At least their standard-bearer can always go back to his day job:
The leveraged buyout---a deal structure made popular during the Wall Street boom of the 1980s and again in the wake of the tech bubble---could become much more common soon, according to a report from BofA Merrill Lynch.BofA credit strategists Hans Mikkelson and Yuriy Shchuchinov write that current market conditions have become "unusually conductive for leveraging transactions for this stage in the typical cycle," and that as a result, "credit investors should be concerned about more extreme releveraging in the form of leveraged buyouts" [...]
Markets have QE3 to thank in part for the return of the LBO, according to the report. As the Federal Reserve continues to buy mortgage-backed securities, yields grind lower, and banks no longer see most fixed-income assets as attractive investments.

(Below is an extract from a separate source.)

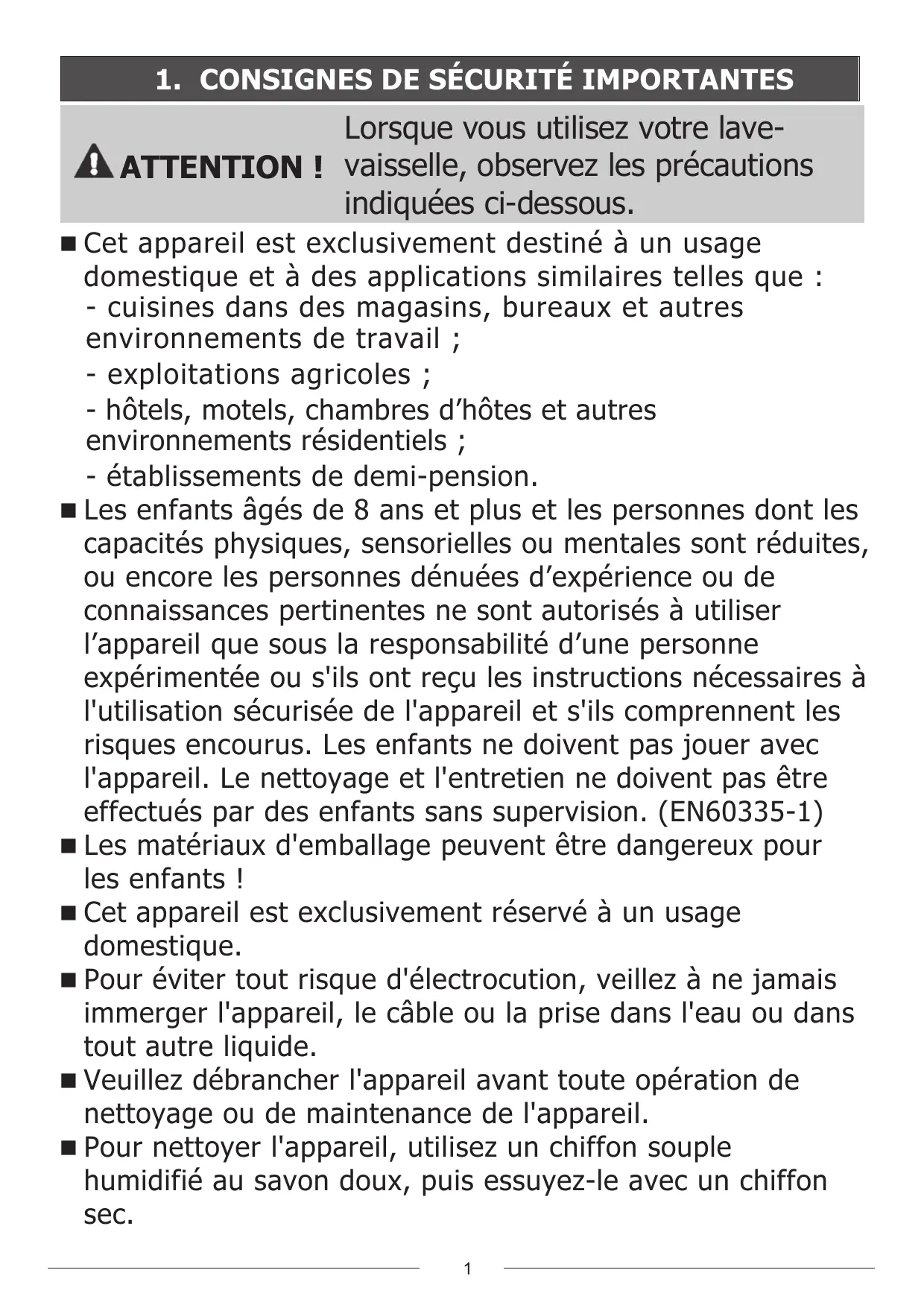 Lorsque vous utilisez votre laveATTENTION ! vaisselle, observez les précautions indiquées ci-dessous. n Cet appareil est exclusivement destiné à un usage domestique et à des applications similaires telles que : - cuisines dans des magasins, bureaux et autres environnements de travail ; - exploitations agricoles ; - hôtels, motels, chambres d’hôtes et autres environnements résidentiels ; - établissements de demi-pension. n Les enfants âgés de 8 ans et plus et les personnes dont les capacités physiques, sensorielles ou mentales sont réduites, ou encore les personnes dénuées d’expérience ou de connaissances pertinentes ne sont autorisés à utiliser l’appareil que sous la responsabilité d’une personne expérimentée ou s'ils ont reçu les instructions nécessaires à l'utilisation sécurisée de l'appareil et s'ils comprennent les risques encourus. Les enfants ne doivent pas jouer avec l'appareil. Le nettoyage et l'entretien ne doivent pas être effectués par des enfants sans supervision. (EN60335-1) n Les matériaux d'emballage peuvent être dangereux pour les enfants ! n Cet appareil est exclusivement réservé à un usage domestique. n Pour éviter tout risque d'électrocution, veillez à ne jamais immerger l'appareil, le câble ou la prise dans l'eau ou dans tout autre liquide. n Veuillez débrancher l'appareil avant toute opération de nettoyage ou de maintenance de l'appareil. n Pour nettoyer l'appareil, utilisez un chiffon souple humidifié au savon doux, puis essuyez-le avec un chiffon sec.

Thank you, Team Democrat, for fiscal policy that continues to incentivize these risky, debt-financed investments. I mean, if you hadn't taken trillions' worth of mortgage-backed securities off their hands, they might not have so much free money to lend to each other, or even be able to meet the new capital requirements. Oh well, guess they're assuming it's best not to talk to the invisible hand, for when acquisitions like these go bad---and they sometimes do----it's only the poor dumb suckers who get left holding the bag.